(Source information begins)

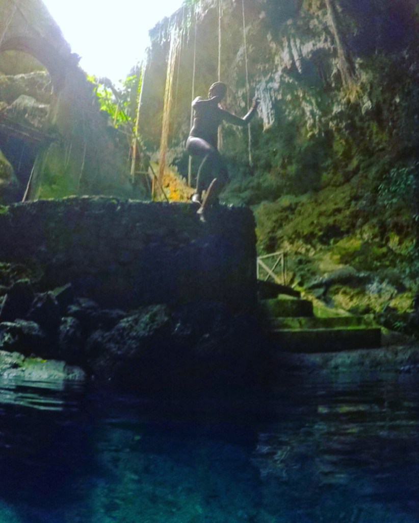 Walking down the concrete stairs there is a ledge with roughly a 10 foot drop that you can dive off of. The pool itself significantly larger than the first two cenotes and allowed you to swim as far back as you wanted considering the swarms of bats and birds who called this cenote home.
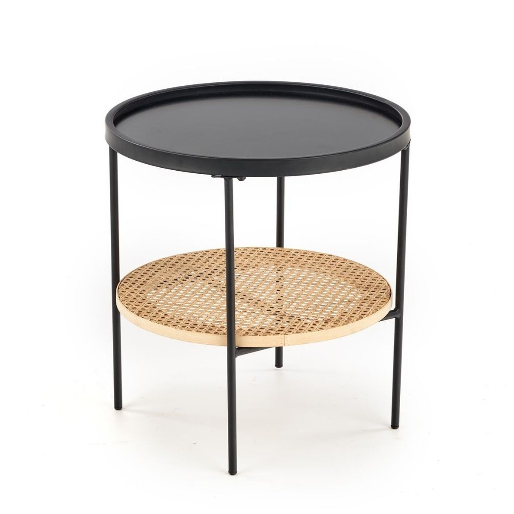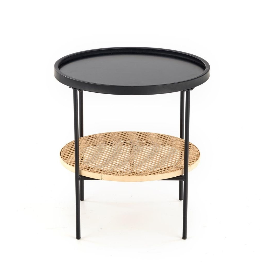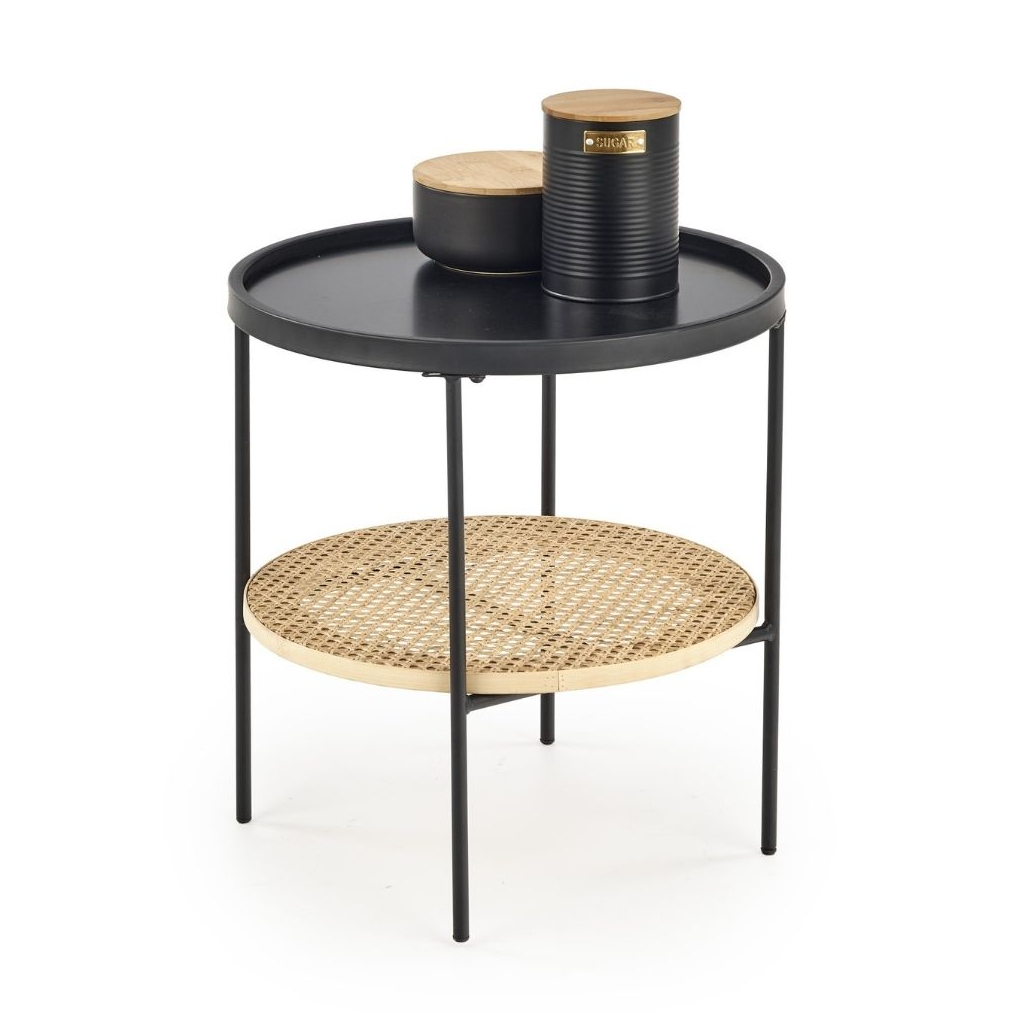 Blatul din lemn cu suprafață mată combină durabilitatea cu un aspect elegant, iar picioarele metalice îi conferă stabilitate și soliditate. Inserția din ratan adaugă un plus de textură și naturalețe, transformând masa într-un element de design atrăgător.
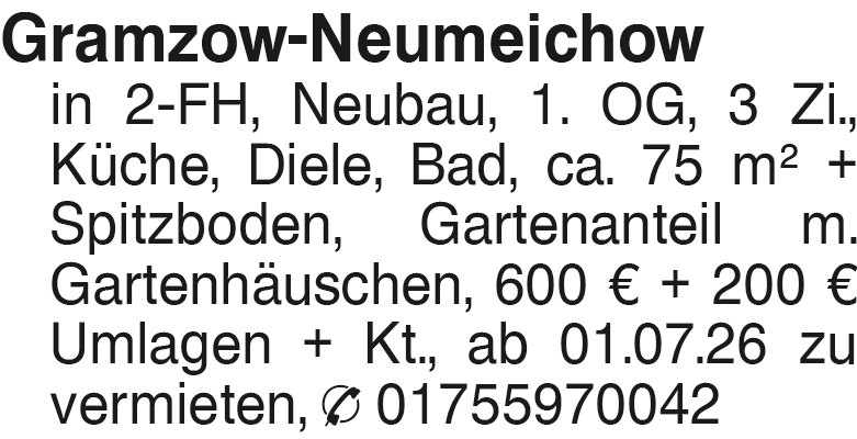 Gramzow-Neumeichow in 2-F Gramzow-Neumeichow in 2-FH, Neubau, 1. OG, 3 Zi., Küche, Diele, Bad, ca. 75 m2 + Spitzboden, Gartenanteil m. Gartenhäuschen, 600 EUR + 200 EUR Umlagen + Kt., ab 01.07.26 zu vermieten, 01755970042Das könnte Sie auch interessieren
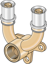 Zeta-Wert optimierte Doppel U-Press-Wandscheibe mit IG, aus entzinkungsbeständigen Messing (DZR), inkl. Stützhülsen mit O-Ringen und Edelstahl-Presshülsen, „unverpresst undicht“, akustisches Leckage-Signal bei Luftdruckprobe KEINE Gewinderohre und Tempergussfittings eindrehen!
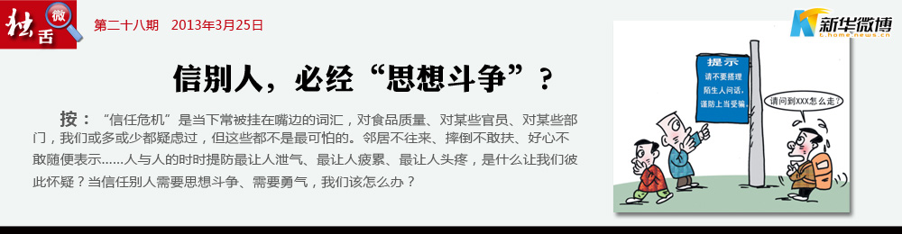 【可怕的“信任危機”】 賣包子的不吃自己做的包子,種菜的不吃自己種的菜,賣藥的不敢吃自己生產(chǎn)的藥,賣奶粉的則從不吃國產(chǎn)的奶粉……當造假作假成為一種風氣,甚至成為一種理所當然時,每個人能做的就只剩兩件事了:一個是只信自己,另一個是絕不信別人。
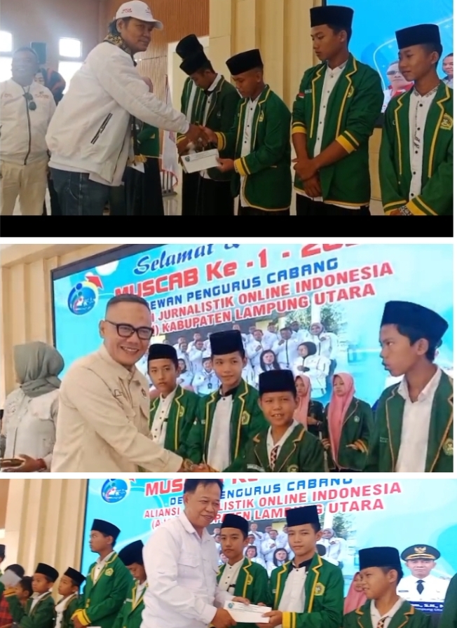 HUD HUD, Kotabumi – Dewan pengurus cabang aliansi jurnalistik online Indonesia (AJO-I) Kabupaten Lampung Utara menggelar musyawarah cabang (MUSCAB) ke 1 dan menyantuni anak yatim pondok pesantren AL HIRO Kotabumi serta kegiatan donor darah bersama PMI Kotabumi,di gedung Pusiban Agung Kabupaten Lampung Utara.Kamis 27 November 2025.
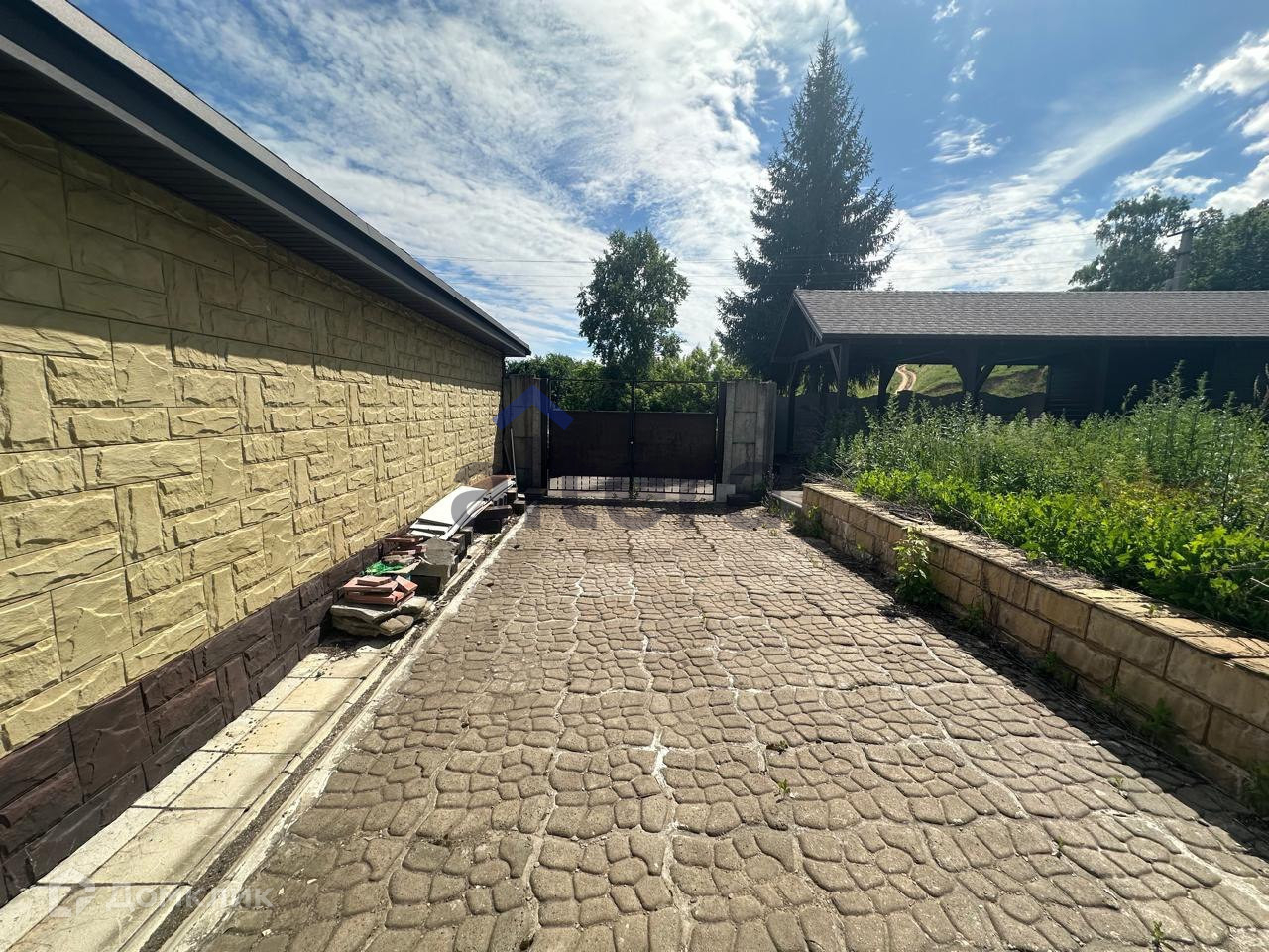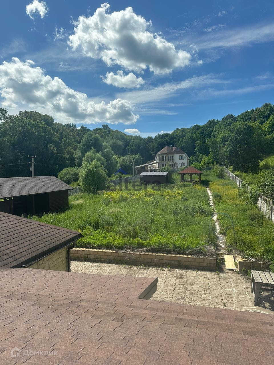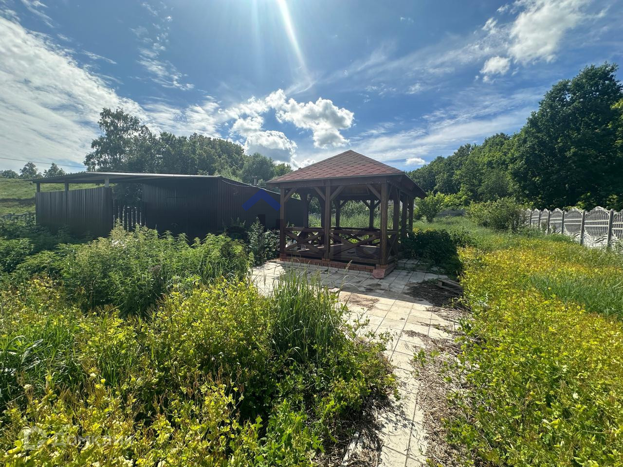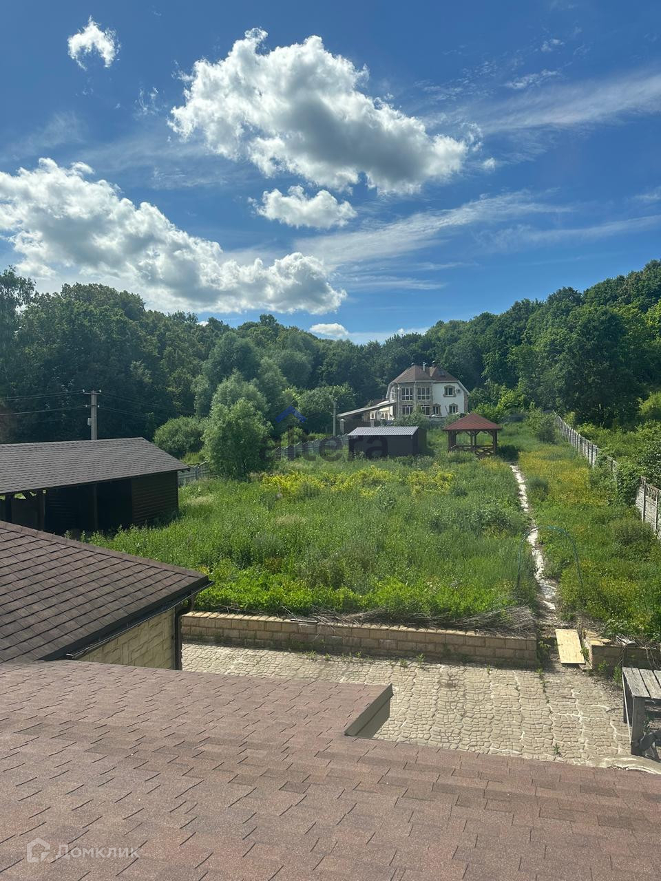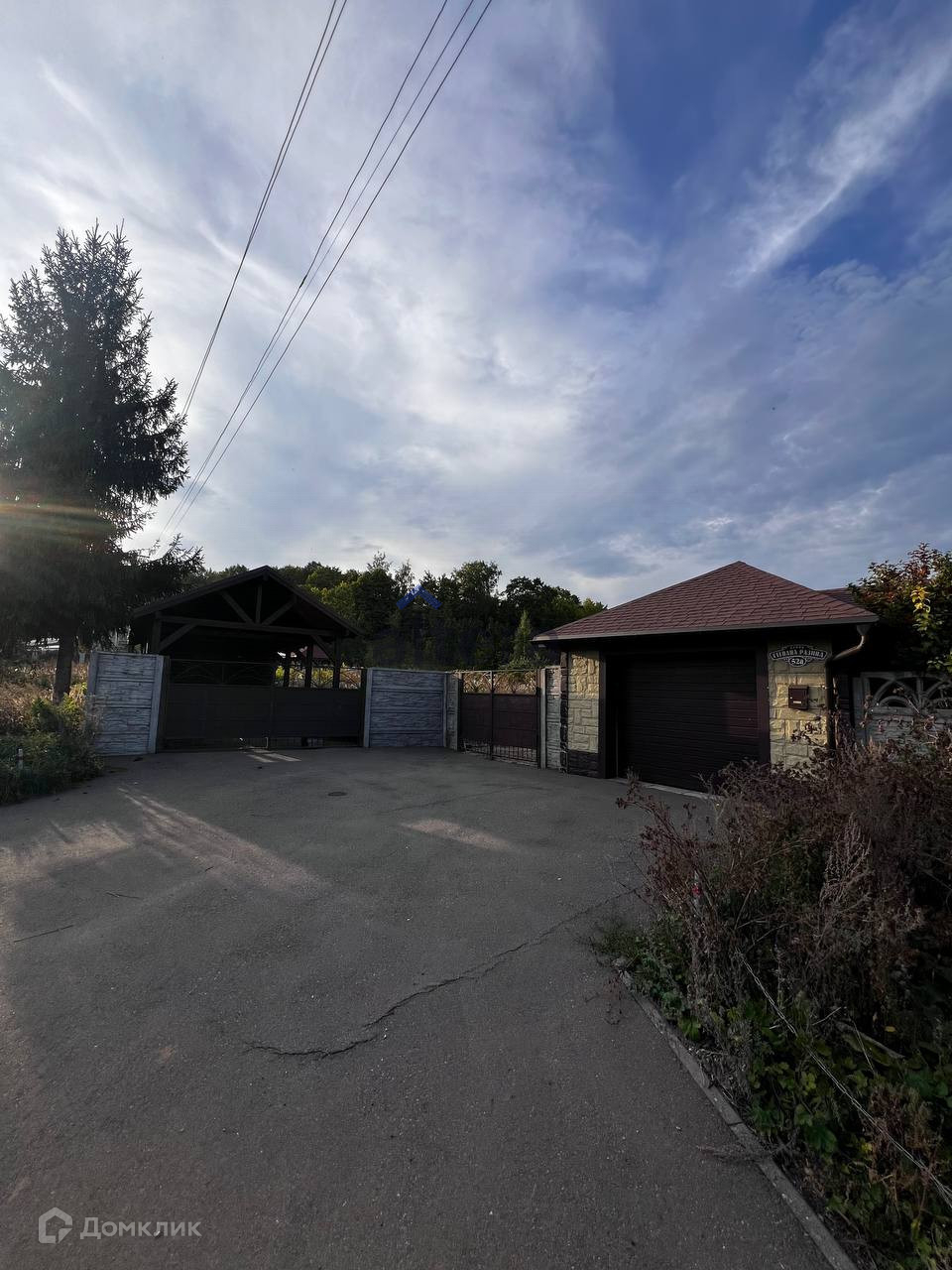 Участок 17 соток, огорожен забором. Имеется закрытый гараж с автоматическими воротами, имеется навес для машины, на участке есть беседка.

(Source information ends)

• Description of the task
The records are to be retyped in full and exactly, with no image carried over.

• Your response
 Walking down the concrete stairs there is a ledge with roughly a 10 foot drop that you can dive off of. The pool itself significantly larger than the first two cenotes and allowed you to swim as far back as you wanted considering the swarms of bats and birds who called this cenote home.
 Blatul din lemn cu suprafață mată combină durabilitatea cu un aspect elegant, iar picioarele metalice îi conferă stabilitate și soliditate. Inserția din ratan adaugă un plus de textură și naturalețe, transformând masa într-un element de design atrăgător.
 Gramzow-Neumeichow in 2-F Gramzow-Neumeichow in 2-FH, Neubau, 1. OG, 3 Zi., Küche, Diele, Bad, ca. 75 m2 + Spitzboden, Gartenanteil m. Gartenhäuschen, 600 EUR + 200 EUR Umlagen + Kt., ab 01.07.26 zu vermieten, 01755970042Das könnte Sie auch interessieren
 Zeta-Wert optimierte Doppel U-Press-Wandscheibe mit IG, aus entzinkungsbeständigen Messing (DZR), inkl. Stützhülsen mit O-Ringen und Edelstahl-Presshülsen, „unverpresst undicht“, akustisches Leckage-Signal bei Luftdruckprobe KEINE Gewinderohre und Tempergussfittings eindrehen!
 【可怕的“信任危機”】 賣包子的不吃自己做的包子,種菜的不吃自己種的菜,賣藥的不敢吃自己生產(chǎn)的藥,賣奶粉的則從不吃國產(chǎn)的奶粉……當造假作假成為一種風氣,甚至成為一種理所當然時,每個人能做的就只剩兩件事了:一個是只信自己,另一個是絕不信別人。
 HUD HUD, Kotabumi – Dewan pengurus cabang aliansi jurnalistik online Indonesia (AJO-I) Kabupaten Lampung Utara menggelar musyawarah cabang (MUSCAB) ke 1 dan menyantuni anak yatim pondok pesantren AL HIRO Kotabumi serta kegiatan donor darah bersama PMI Kotabumi,di gedung Pusiban Agung Kabupaten Lampung Utara.Kamis 27 November 2025.
 Участок 17 соток, огорожен забором. Имеется закрытый гараж с автоматическими воротами, имеется навес для машины, на участке есть беседка.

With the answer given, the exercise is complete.